(Saved entries)
»»
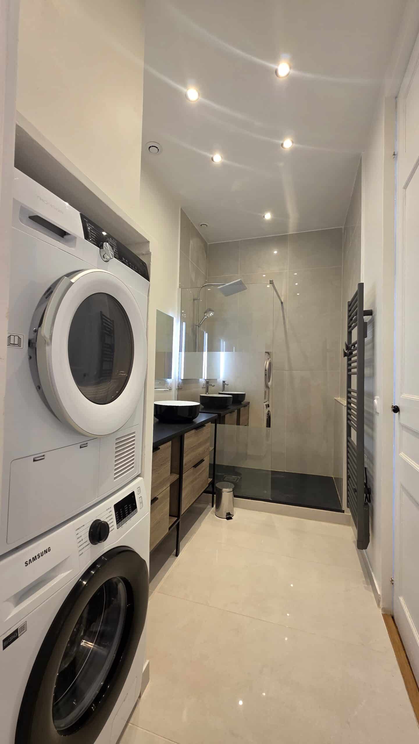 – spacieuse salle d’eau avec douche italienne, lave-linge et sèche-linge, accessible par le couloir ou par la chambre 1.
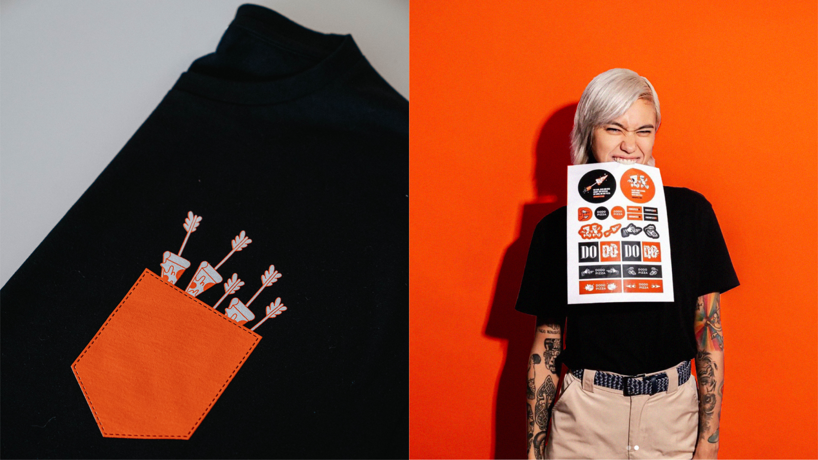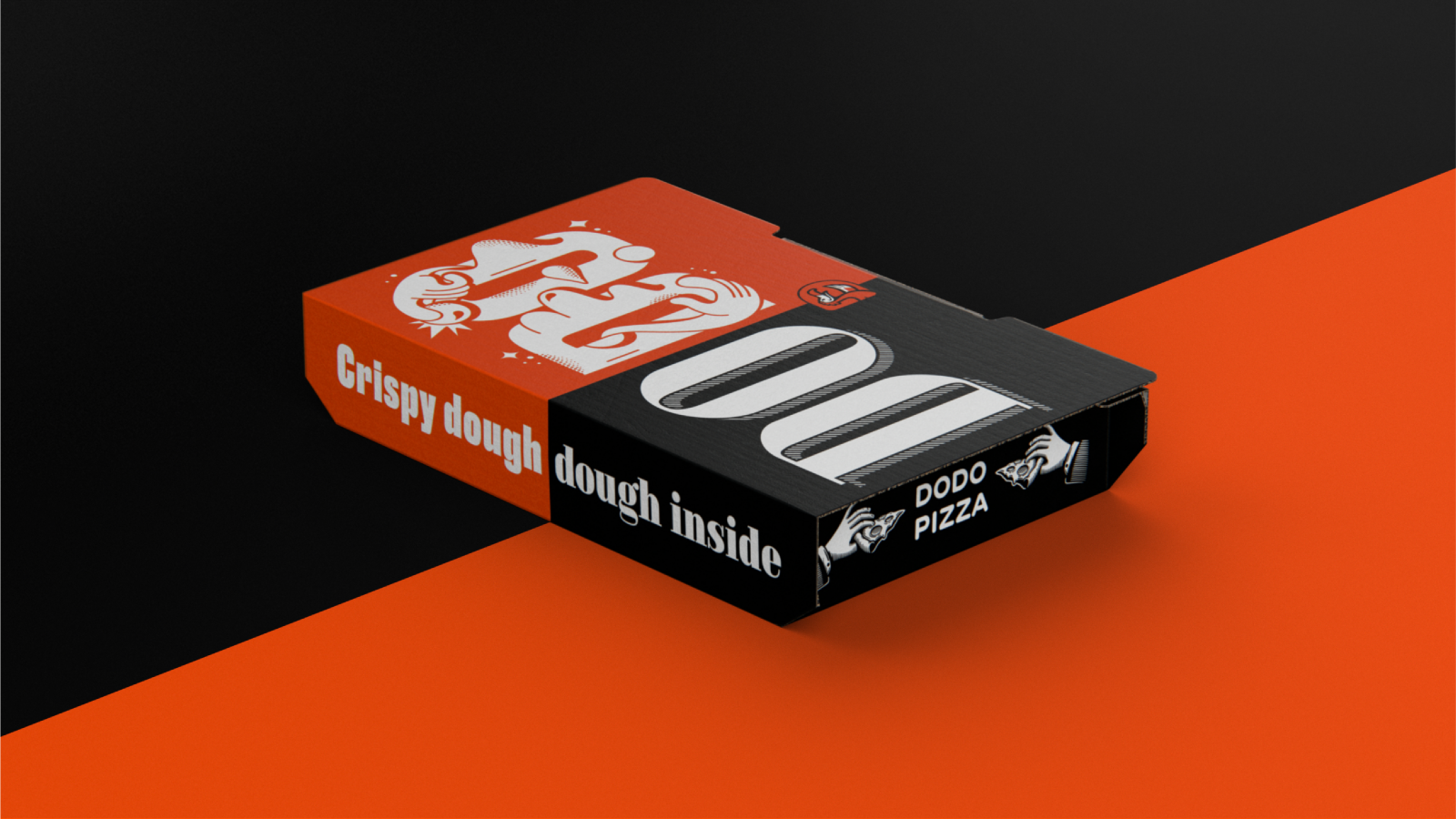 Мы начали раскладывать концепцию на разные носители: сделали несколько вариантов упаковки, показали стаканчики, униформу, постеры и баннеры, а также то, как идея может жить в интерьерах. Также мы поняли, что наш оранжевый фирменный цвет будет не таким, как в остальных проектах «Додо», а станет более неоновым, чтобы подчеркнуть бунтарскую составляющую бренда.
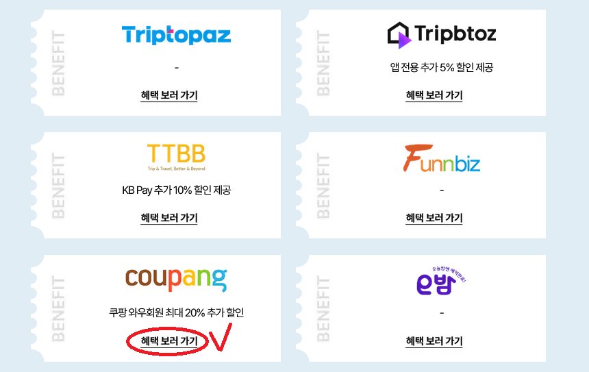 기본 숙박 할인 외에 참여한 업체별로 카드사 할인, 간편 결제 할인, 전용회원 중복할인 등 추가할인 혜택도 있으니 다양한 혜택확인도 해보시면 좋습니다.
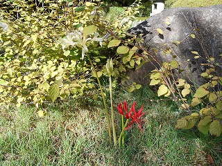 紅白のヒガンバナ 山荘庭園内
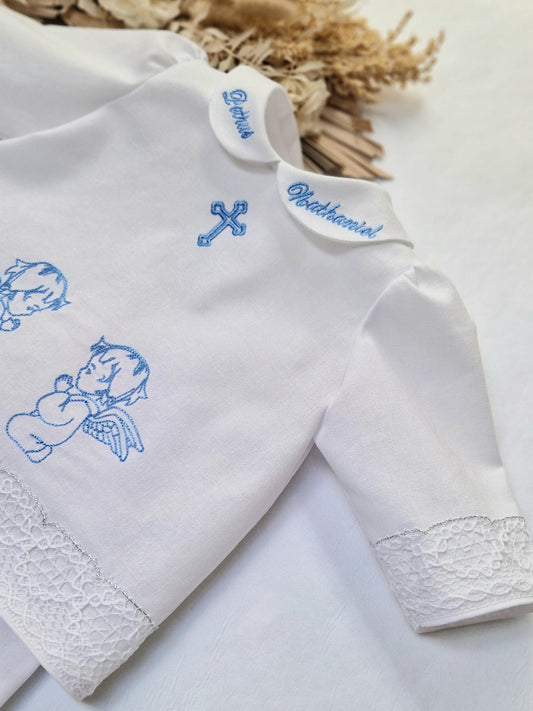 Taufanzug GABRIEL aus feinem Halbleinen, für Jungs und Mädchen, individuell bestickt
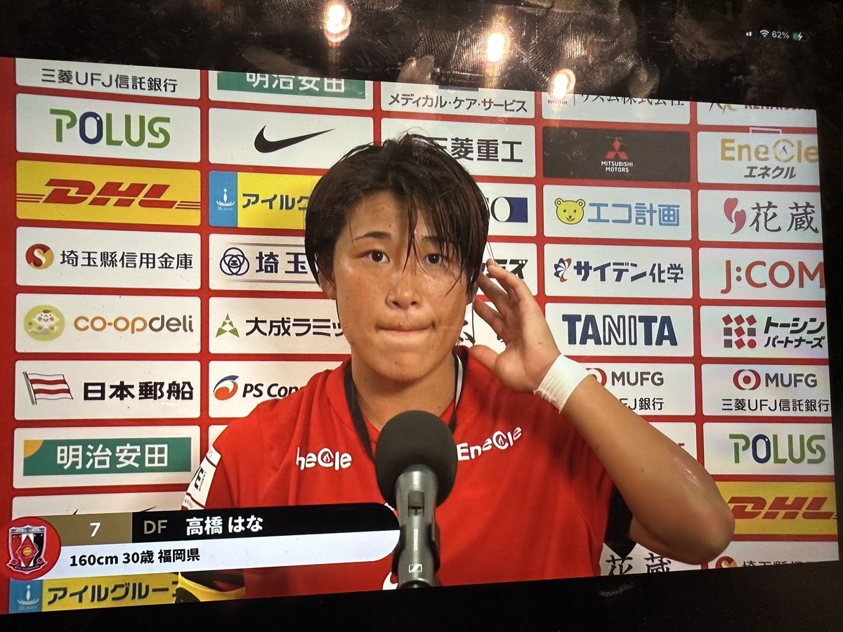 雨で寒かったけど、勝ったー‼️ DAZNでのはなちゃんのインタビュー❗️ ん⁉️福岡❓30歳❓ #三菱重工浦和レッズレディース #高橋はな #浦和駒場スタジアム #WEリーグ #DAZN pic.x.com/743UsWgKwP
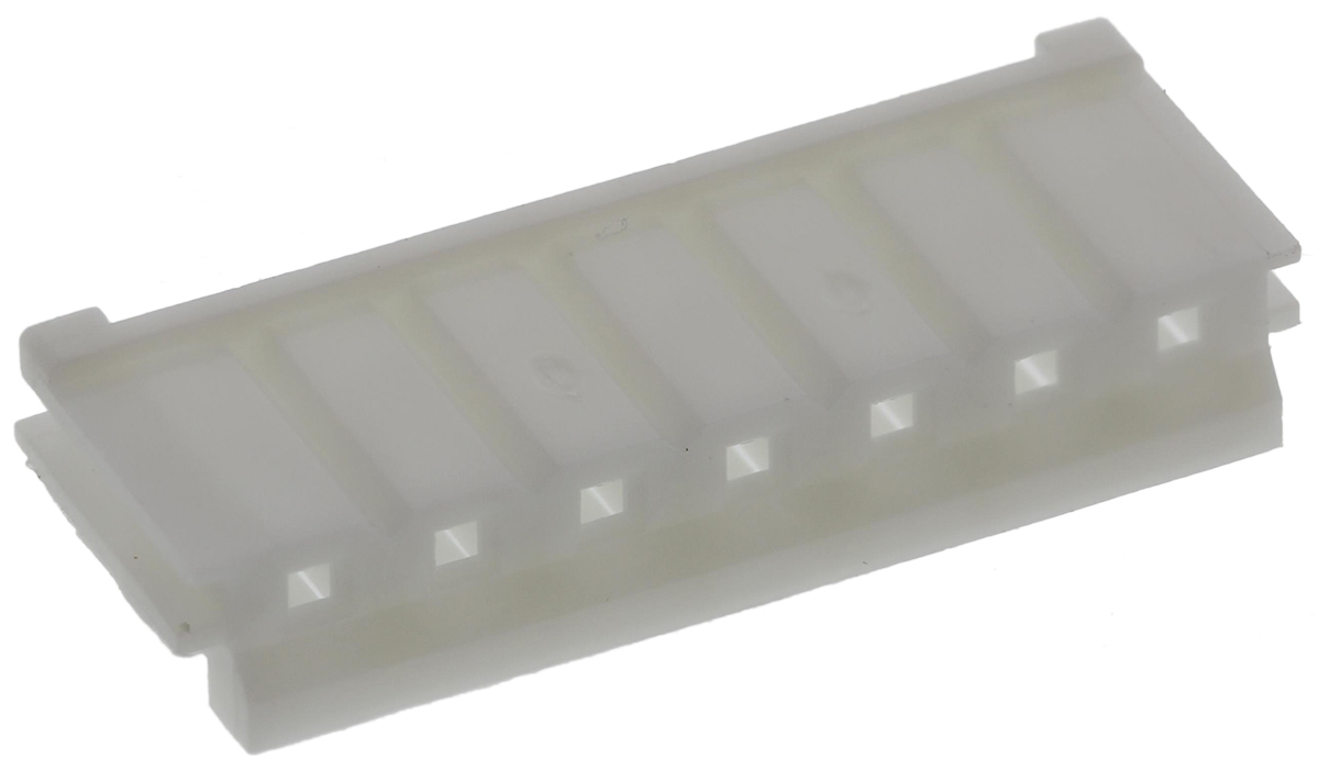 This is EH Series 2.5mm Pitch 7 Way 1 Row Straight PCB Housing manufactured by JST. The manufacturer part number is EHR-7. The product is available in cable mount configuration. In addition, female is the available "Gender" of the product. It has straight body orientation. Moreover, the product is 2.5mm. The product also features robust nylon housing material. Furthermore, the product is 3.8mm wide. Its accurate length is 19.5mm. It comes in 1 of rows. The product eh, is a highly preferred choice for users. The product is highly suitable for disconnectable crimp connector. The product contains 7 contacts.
««
• [WHAT YOU NEED TO DO]:
In the data above, the stretch from the line with "Taufanzug GABRIEL aus" through the line with "雨で寒かったけど、勝ったー‼️ DAZNでのはなちゃんのインタビュー❗️ ん⁉️福岡❓30歳❓" is to be returned exactly, minus any pictures.

• [OUTPUT OF THE TASK]:
 Taufanzug GABRIEL aus feinem Halbleinen, für Jungs und Mädchen, individuell bestickt
 雨で寒かったけど、勝ったー‼️ DAZNでのはなちゃんのインタビュー❗️ ん⁉️福岡❓30歳❓ #三菱重工浦和レッズレディース #高橋はな #浦和駒場スタジアム #WEリーグ #DAZN pic.x.com/743UsWgKwP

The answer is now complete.